** Provided material follows **

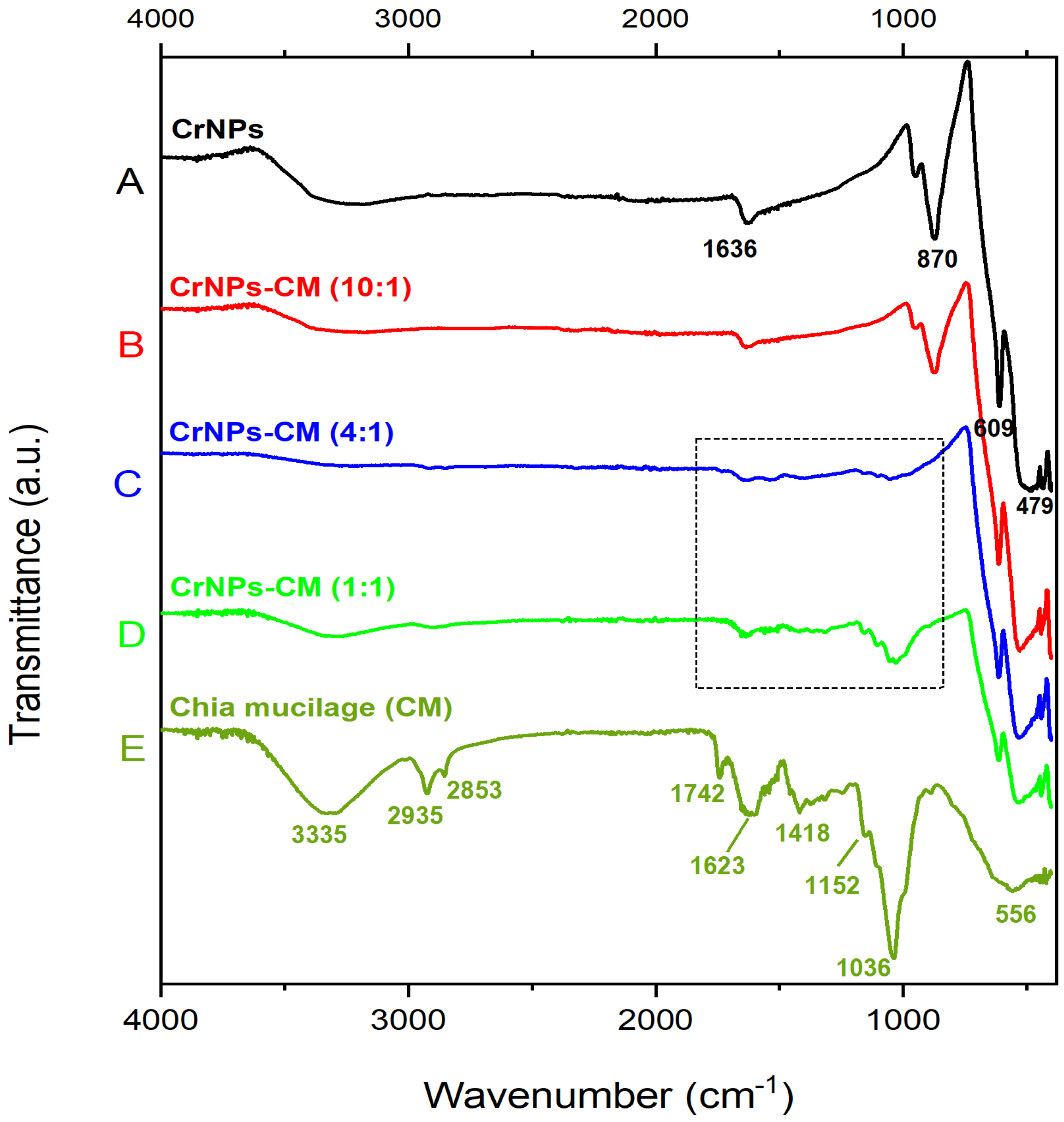 2.2.2. Coating CrNPs with Chia Mucilage Extract
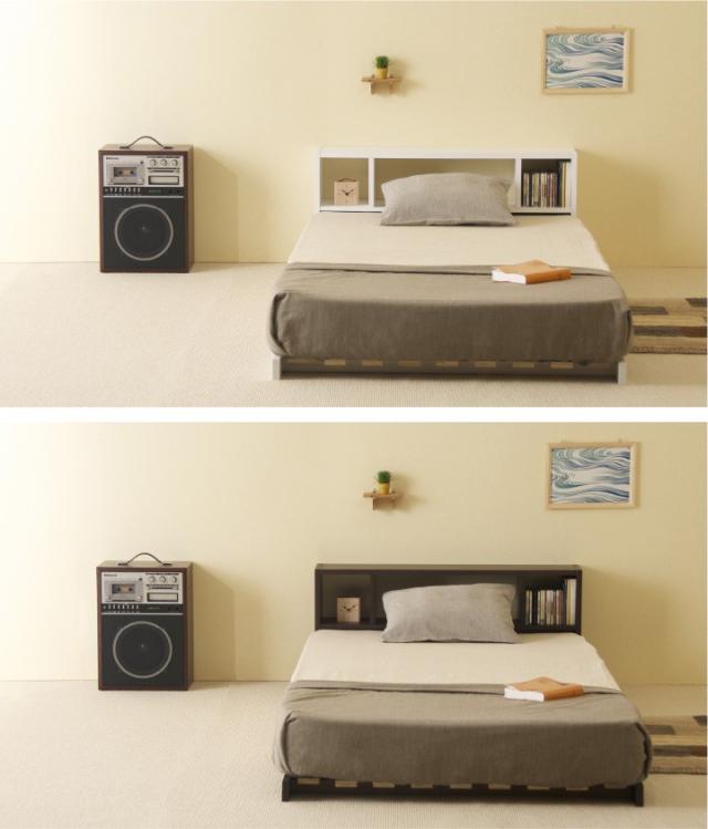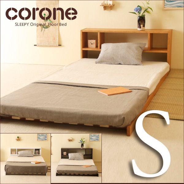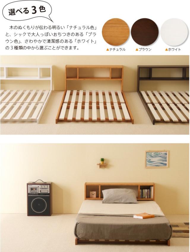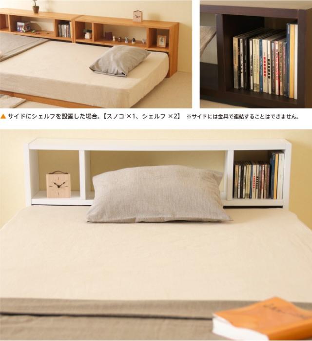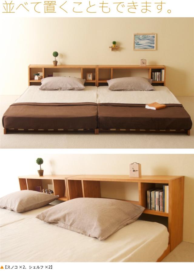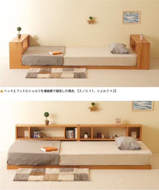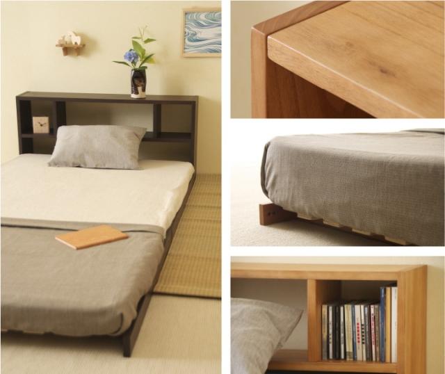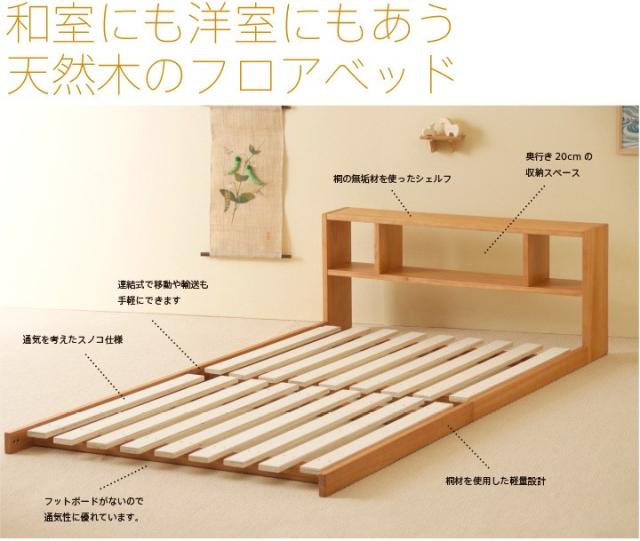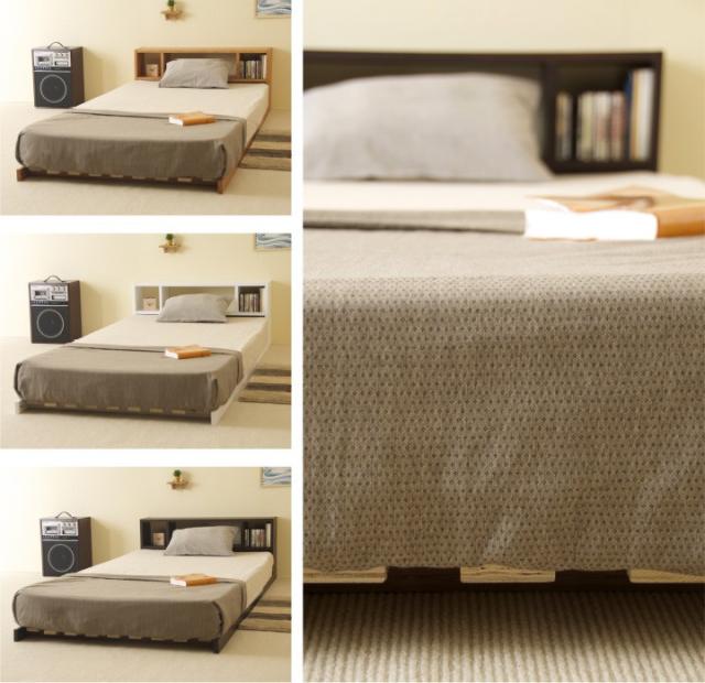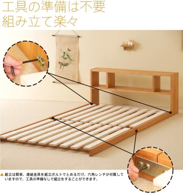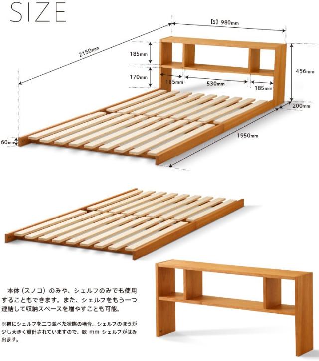 木製 「フロアベッド コロネ(S)【すのこ+シェルフ】」 シングル ローベッド フレーム すのこ 棚付き 収納 石崎家具
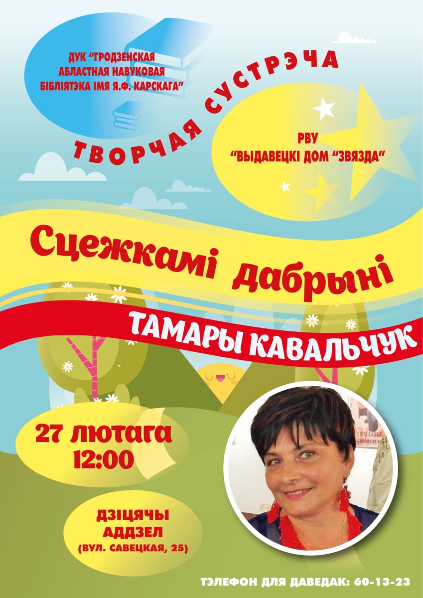 27 лютага а 12 гадзіне запрашаем усіх аматараў літаратуры ў дзіцячы аддзел Гродзенскай абласной навуковай бібліятэкі на творчую сустрэчу з сучаснай беларускай пісьменніцай Тамарай Кавальчук “Сцежкамі дабрыні” пры ўдзеле Выдавецкага дома “Звязда”.
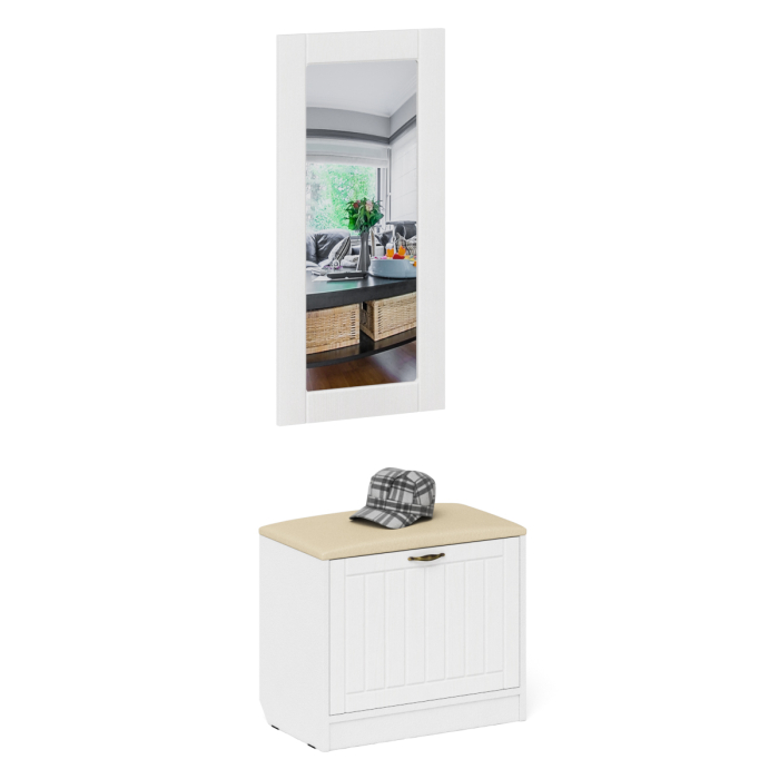 Обувница с мягким сиденьем с зеркалом П-6 МДФ фрезеровка прованс Код I0000351188
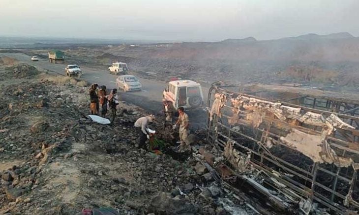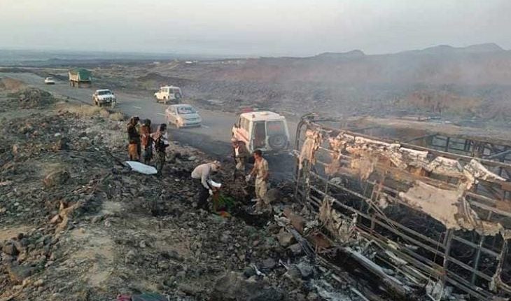 مأساة في أبين: وفاة أكثر من 30 راكبًا إثر احتراق حافلة جماعية وسط مطالب بتحقيق فوري ومحاسبة المسؤولين
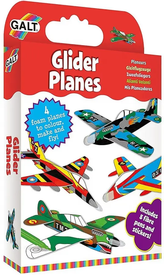 Ditt uppdrag är att montera och dekorera flygplanen. Gör din egen design medhjälp av tuschpennorna och klisterbilder. Allt du behöver finns lådan. Är du klar? Då är det bara att börja leka!
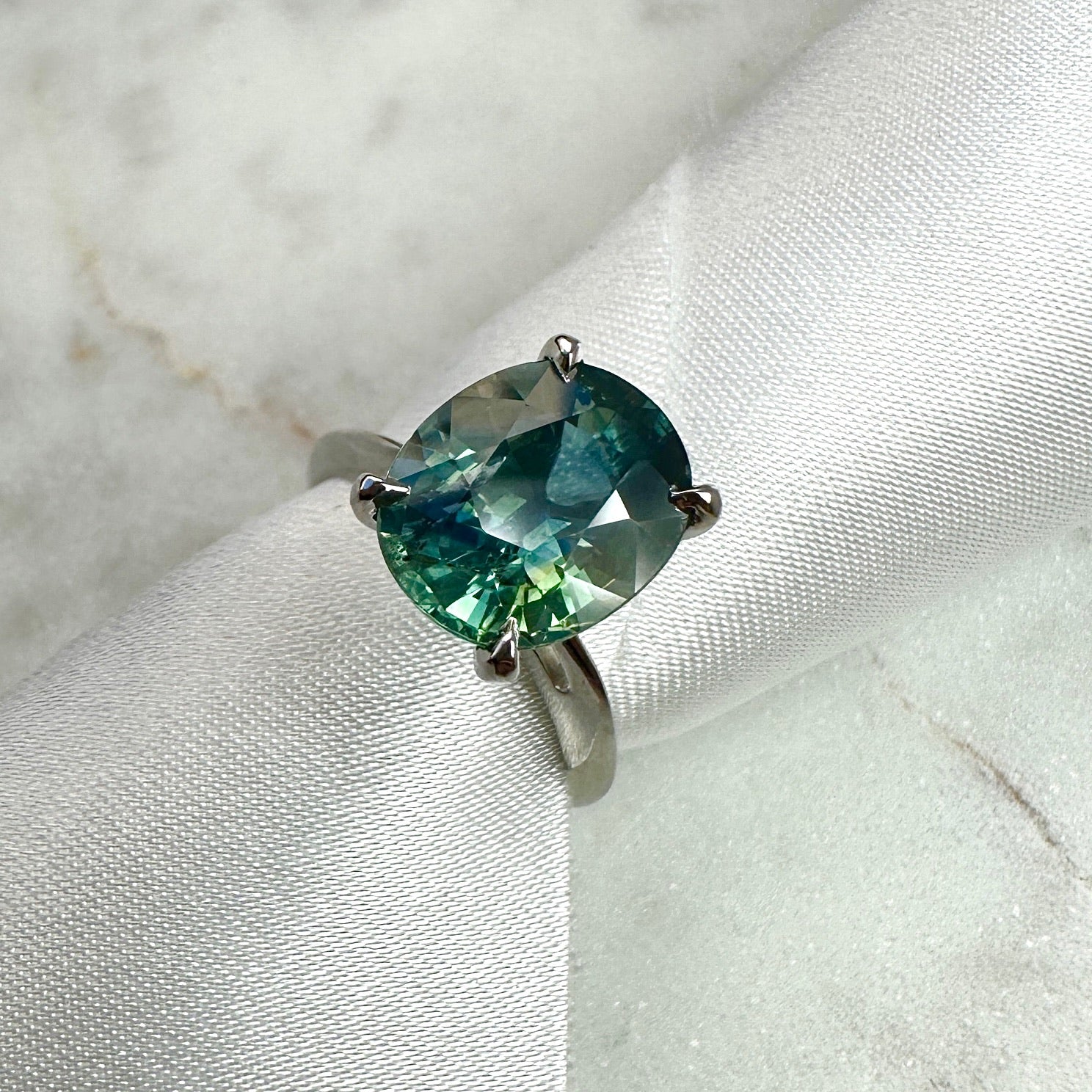 Madagascar has been producing some of the most stunning, uniquely colored sapphires in the last few years. This simple platinum solitaire shows off the rich ‘mermaid’ hues of this stunning stone.
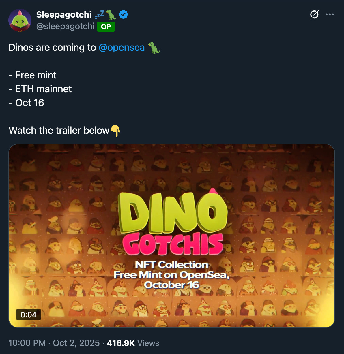 Sleepagotchi, the sleep-to-earn wellness app that gamifies rest and routine, will launch its Dino NFT Mint on October 16, 2025. The mint is free with supply yet to be announced, offering users the chance to collect limited-edition Dino companions tied to upcoming in-app bonuses and seasonal events.
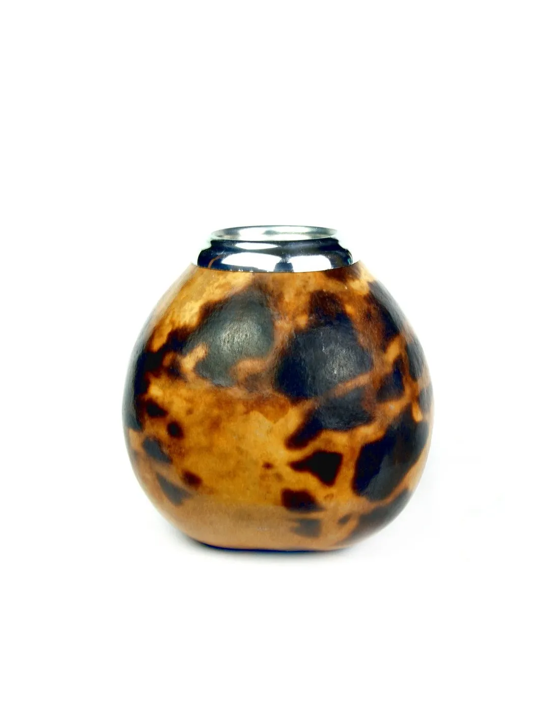 Klasický tvar, originální vzor připomínající leopardi skvrny a kovový stříbrný lem dělají z tykve univerzální a pěknou nádobu na pití maté.
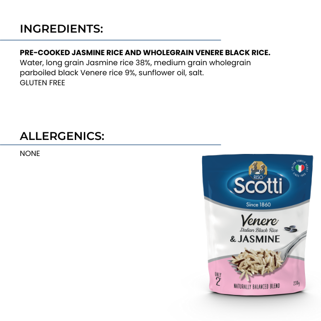 ส่วนผสม:32% ข้าวบาสมาติก, 8% ข้าวสีดำ VENERE, น้ำมันดอกทานตะวัน, เกลือ
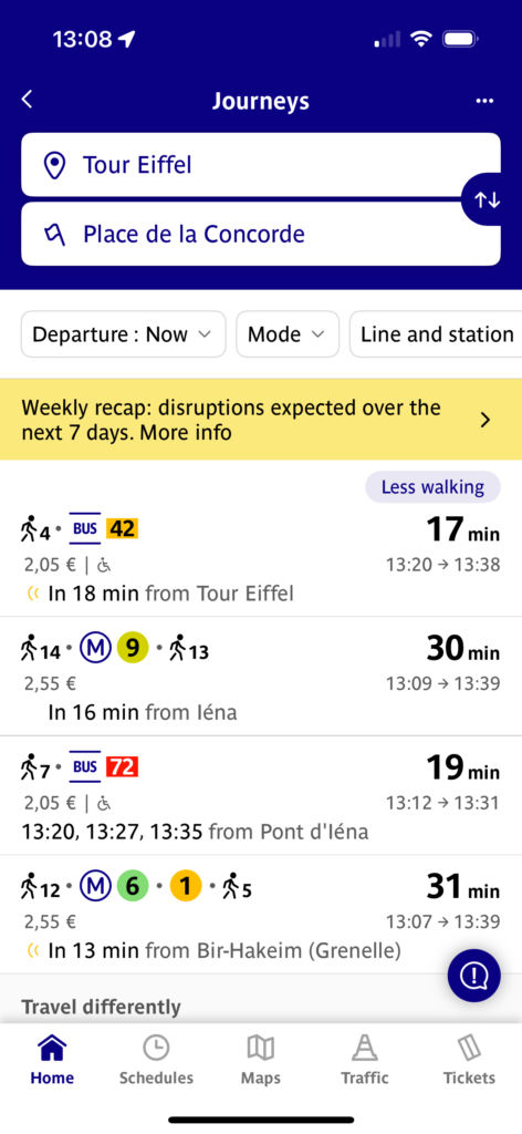Tittar man på en karta över Metronätet så ser det rörigt ut. Den enkla lösningen är att ladda ner appen ”Bonjour RATP”, där du bara skriver in vart du ska (och eventuellt varifrån du åker. Du får då en lista över de olika transportmöjligheter som står till buds. Vilken linje varifrån, byte till vad och var, tider samt med ett litet klick på skärmen en karta som visar vilken väg du ska gå till din slutdestination. Om du inte ska resa precis nu, kan du ange när du vill åka, eller när du måste vara framme.
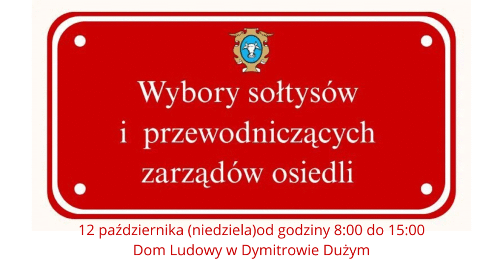 - OGŁOSZENIE WYBORCZEDrodzy Mieszkańcy! Już w niedzielę, 12 października 2025 roku, w godzinach od 8:00 do 15:00, odbędą się wybory Sołtysów oraz Przewodniczących zarządów osiedli.To wyjątkowy moment, by wspólnie zdecydować o tym, kto będzie nas reprezentował w sprawach lokalnych! 💪 W Dymitrowie przeprowadzone zostaną wybory Sołtysa, które odbędą się w Domu Ludowym.Serdecznie zachęcamy wszystkich mieszkańców do udziału… Dowiedz się więcej: OGŁOSZENIE WYBORCZE
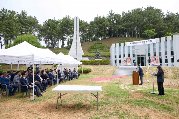 [금요저널] 통영시는 5월 22일 오전 10시 천영기 통영시장, 김미옥 통영시의회의장, 이충권 대한민국전몰군경유족회 경남지부통영시지회장, 보훈단체장 등 50여명이 참석한 가운데 충혼관 앞에서 충혼관 준공 및 위패봉안식을 가졌다.

** End of Provided material **

#### Task statement
Each line from the start of the entries through the line with "木製 「フロアベッド コロネ(S)【すのこ+シェルフ】」" is to be restated exactly, and the pictures are to be skipped.

#### Answer area
 2.2.2. Coating CrNPs with Chia Mucilage Extract
 木製 「フロアベッド コロネ(S)【すのこ+シェルフ】」 シングル ローベッド フレーム すのこ 棚付き 収納 石崎家具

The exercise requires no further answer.